地面を照らす太陽の日差しが一際強くなり、本格的な夏がやってくるそんな季節。


7月に入って梅雨が明けると世間はすっかり夏へと切り替わっていく。祭りに海にプールにって騒がしくなるのは世間だけじゃなくて目の前のこいつも同じなわけで・・・、



「花火大会は絶対に松田と一緒に行きたいし、海も外せないでしょ・・・。香織とナイトプール行く約束もしてるし・・・、あぁ、めっちゃ忙しいじゃん!今年の夏!!」


エアコンの効いた俺の部屋で机に肘をつきながら携帯片手にデカい声で独り言を呟くなまえ。どうやら学生最後の夏休み、遊ばなきゃ損!ってことで予定を詰めまくっているらしい。


当たり前のようにその予定に俺が含まれていることにも一言言いたいけど、そんなことより最後のナイトプールって何だよ。そんなの聞いてねェし。


ベッドに寝転びながら読んでいた漫画を伏せてサイドボードに置き、そのまま後ろからなまえの頭を小突く。

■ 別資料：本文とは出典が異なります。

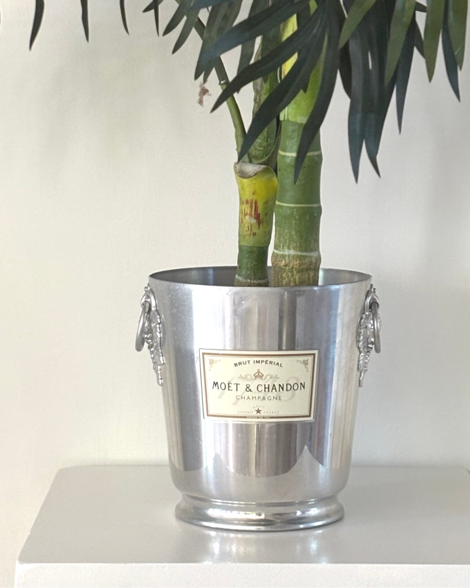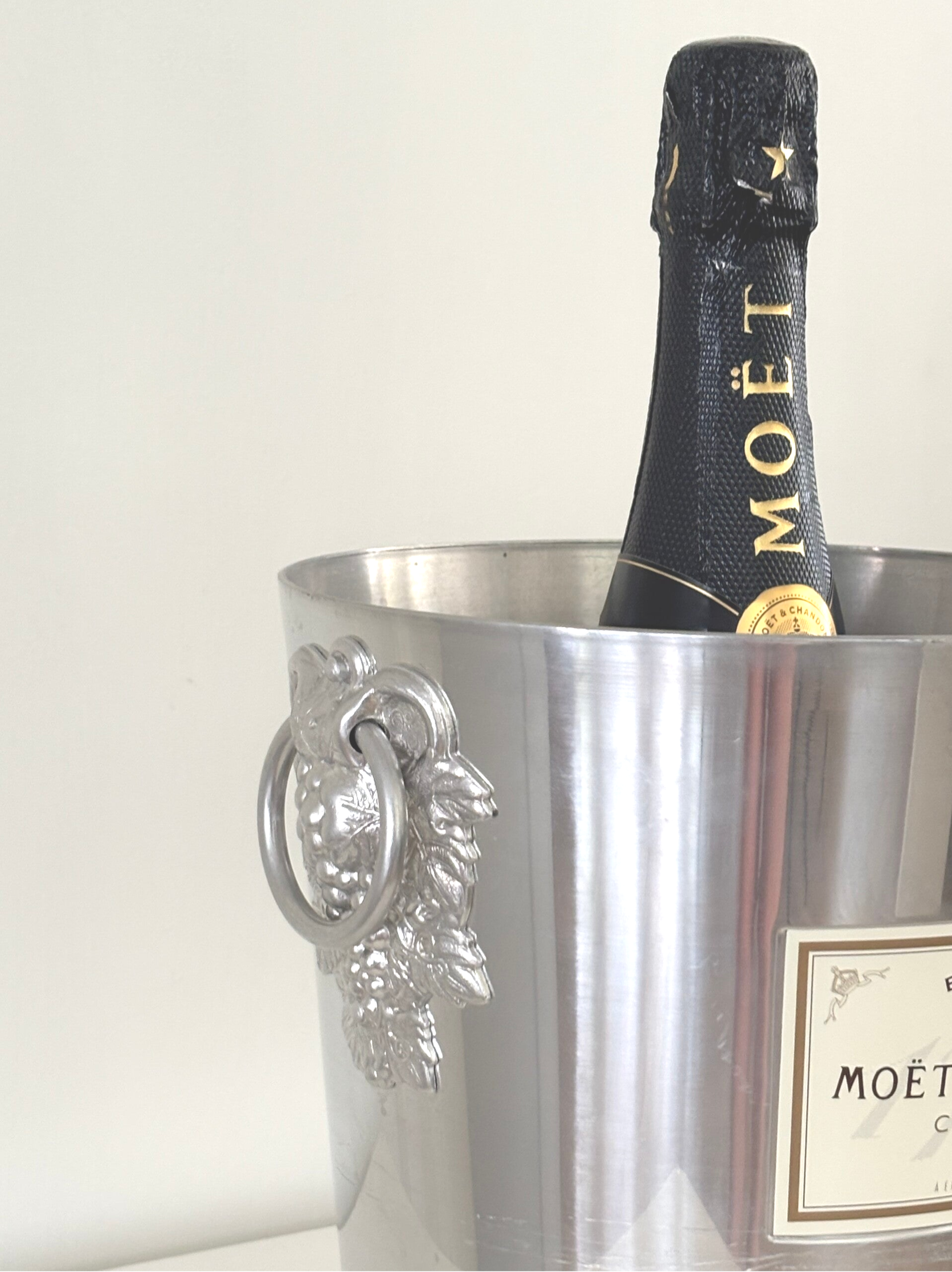 Champagnekoeler van Moët & Chandon met sierlijke druivenrank bij het handvat. Een iconisch en stijlvol item voor feestelijke momenten, perfect voor elke champagne- of wijnliefhebber.

「急になに?あ、もしかして松田もどっか行きたいとこある?」
「暑いからどこも行きたくねェ。てかさっきのナイトプールって何だよ」
「ホテルのプールが期間限定でナイトプールやっててね、香織が知り合いの人に招待されたから一緒に行こうって!毎年有名なDJの人とかも来て盛り上がるらしくて・・・、」
「ンなのこと聞いてねェし。女2人でそんなとこ行くワケ?」


カチカチと携帯でそのホテルのナイトプールとやらの写真を見せてくるなまえは、1ミリの悪気もないきょとんとした顔で首を傾げた。

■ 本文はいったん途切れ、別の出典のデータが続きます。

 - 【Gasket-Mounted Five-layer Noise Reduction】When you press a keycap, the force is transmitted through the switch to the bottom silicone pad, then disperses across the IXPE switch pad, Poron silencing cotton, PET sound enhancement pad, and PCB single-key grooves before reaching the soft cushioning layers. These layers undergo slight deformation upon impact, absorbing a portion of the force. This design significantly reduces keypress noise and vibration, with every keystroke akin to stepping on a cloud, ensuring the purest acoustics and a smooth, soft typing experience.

携帯の画面には無駄にピンクがかった紫のネオンが煌めくプールサイドが表示されていて、ぴきりとこめかみが引き攣る。



「却下、普通に無理」
「はぁ?何で?無理とか無理!香織と約束したもん!」
「お前は自分や相原が目立つこといい加減に分かれって。こんなとこ女2人で行ったら面倒臭いのに絡まれるのがオチだろ」
「なっ、松田もしかして香織のことそういう目で見てんの?!無理無理無理!!絶対無理!!いくら香織相手でも絶対許さないよ!!!」


携帯を取り上げ隣に腰を下ろしながら素直に胸の内を吐露してみたけれど、どうやら目の前のバカには通じてないらしい。俺の胸倉を掴みながら大きな目を三角に釣り上げギャンギャン騒ぎ始めるなまえ。


・・・・・・何がどうなったらそういう解釈になるンだよ、マジで。





たしかに香織は美人だと思う。身長だって私より高くてスタイルもいい。私とは系統が違うけど、間違いなく美人に分類される人間だと思う。

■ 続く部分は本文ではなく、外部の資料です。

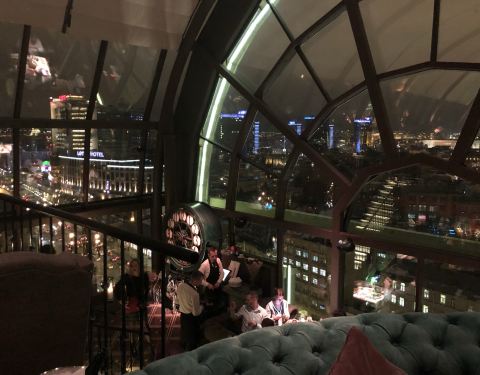 位于16楼,上楼中途要换电梯,进去后会有人帮你放衣服,菜的价格和国内上海比起来性价比很高,有中文菜单,但是菜单翻译有点问题,南瓜牛排其实就是南瓜,而且服务员不会说中文,但是服务员记忆力很好,点的菜他...位于16楼,上楼中途要换电梯,进去后会有人帮你放衣服,菜的价格和国内上海比起来性价比很高,有中文菜单,但是菜单翻译有点问题,南瓜牛排其实就是南瓜,而且服务员不会说中文,但是服务员记忆力很好,点的菜他根本不用笔记,我当时都不知道他是怎么记下来的,沙皇海鲜拼盘还不错,牛排也不错,一瓶依云矿泉水只要28元国内上海半岛要108一瓶,价格便宜,服务上也就不怎么样了,可能是因为饭店大了,在上菜的时间上把握的不是很好,而且倒水倒酒就倒了一次,不过比一般的饭店还是要好的,毕竟价格上还是很有优势的,而且还是米其林三星餐厅世界top18,环境也不错,全景天窗,里面有音乐,吃饭的时候交流声音也不用太在意,适合普通人去体验一下.
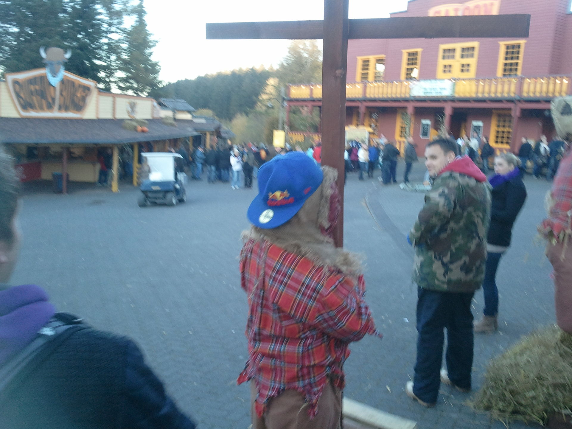 In so einer Maze war ich noch nie. Man wird erst mal mit einem "Bus" in den Wald gefahren in der Zeit läuft ein kleiner netter Film der die Geschichte von dem Wald erzählt wird. Wir waren mit im Wald alleine ausgesetzt.Es war Dunkel nur ein wenig doof gemacht das man immer über diese Doofen Wurzeln gestolpert ist. Es war schon gruselig aber nicht gruselig genug wie ich finde. Ich weiß nicht ob es nur so wenig Monster im Wald waren oder es daran lag das wir im Vorletzten Bus waren und es schon nach 22uhr war.

私だってそれは認めてるけど、松田が香織を可愛いって思ってるんならそれはまた話が別なわけで。



松田の手で口を塞がれたから抗議の声を上げることすら出来ない。ムカついたから口元にあった彼の中指に噛み付いてみたら、松田は驚く素振りすらせず「お前は犬かよ」って呆れたみたいにくすりと笑う。



・・・・・・悔しい。その仕草ひとつすらカッコいいって思っちゃうんだもん。


さっきまで煮立っていた怒りがじんわりと悲しみに変わっていく。他の女なんて見てほしくない。松田が可愛いって思う相手はこの世で私だけであってほしいもん。



「またお前は変な方に考え暴走させてンだろ、バカ」


私の口元から手を離した松田は、俯きかけた私の頬を軽い力で掴む。


「・・・・・・だって松田が香織のこと可愛いって言ったもん」
「言ってねェだろ、ンなこと。さっきの話だって別に相原が他の奴とナイトプール行くなら何も言わねェし」
「・・・・・・、」
「お前が変なのに絡まれんのが無理だって言ってンの。・・・ったく、ここまでハッキリ言わなきゃ分かんねェのかよ」
「ヤキモチ・・・?」
「言う前にそれくらい分かれ、バカ」


この短時間で何回バカって言われたんだろ、私。ムカつくって思うのに、その何倍も嬉しい気持ちが勝っていて。心臓が一気にうるさくなる。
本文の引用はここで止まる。